The Aravallis have been around for billions of years and are found in Rajasthan, Haryana, Gujarat, and Delhi. They might not look very interesting, but they play an important role in the environment. They stop the Thar Desert from getting worse, fill up aquifers, keep the soil stable, and keep the temperature from getting too hot or too cold in northern India. So, their decline is not just a local problem. It changes the risk of climate change, the safety of water, and the health of millions of people.

Still, the Aravallis are still being treated like they are disposable.  

When the hills became “open land”

Historically, the Aravallis have been put into groups that make them very weak. A lot of the range was called gair mumkin pahad, or revenue wasteland.
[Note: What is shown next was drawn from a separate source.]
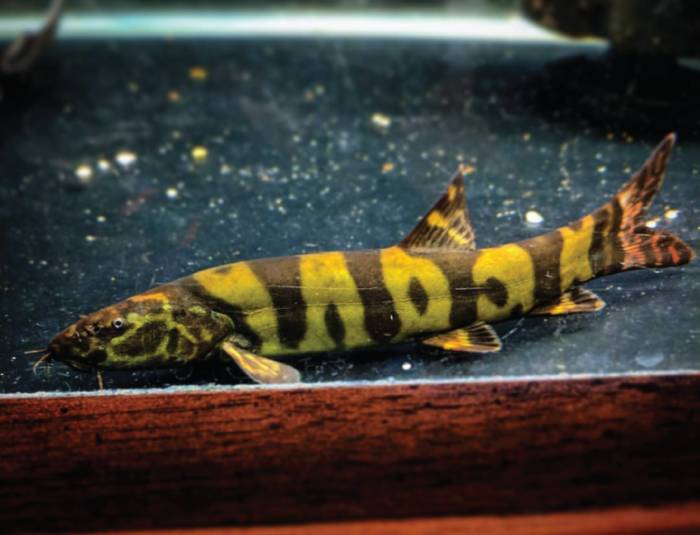 - Тигровая боция – имеет узкие поперечные полосы, на светлом фоне — тёмные. Полосы могут быть как контрастными, так и незаметными. В районе жабер есть мелкие пятнышки. Размеры не более 17 см.

This meant that the land lost its ecological value and the hills became “available” for administrative purposes. After forests lost their moral and legal weight, it was easier to mine, flatten, lease, and rezone these areas.

This classification did more than just let mining happen. It changed how state governments saw their work. As the economy grew, the Aravallis changed from biological infrastructure to reserve land banks. These are areas that can be used to make money, build more homes, and do infrastructure projects. The effects of this thinking can today be seen throughout Haryana and Rajasthan, as quarrying scars hill systems, wildlife corridors are disrupted, and groundwater levels fall year after year.  

The courts spoke

The Indian courts have not been quiet about the Aravallis. Over the years, courts have repeatedly recognised how fragile the environment is and put limits on mining and building in sensitive areas. But clear court decisions have always been at odds with creative government work.
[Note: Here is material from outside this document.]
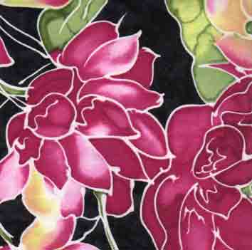 Moon Flowers by Pamela Mostek has provided for Clothworks in striking and vibrant colours depicting lotus flowers that unfold when the moon is full and close as the sun reaches midday.

Instead of openly breaking court orders, state officials have relied on reinterpretation, such as changing the boundaries of forests, making the legal definition of “forest” narrower, or allowing activities through a series of permissions and exemptions. The result is the weakening of regulations without a formal repeal.

This pattern shows that there is a bigger problem with institutions: in India, environmental protection often only works as long as it doesn’t get in the way of development pipelines. Once it does, interpretation is the best way to dilute.  

The real estate frontier

The Gurugram-Faridabad route has the most violence. The Aravallis are in the way of speculative urban growth and land that can be sold. Hills that developers used to think were impossible to build on are now seen as obstacles to growth.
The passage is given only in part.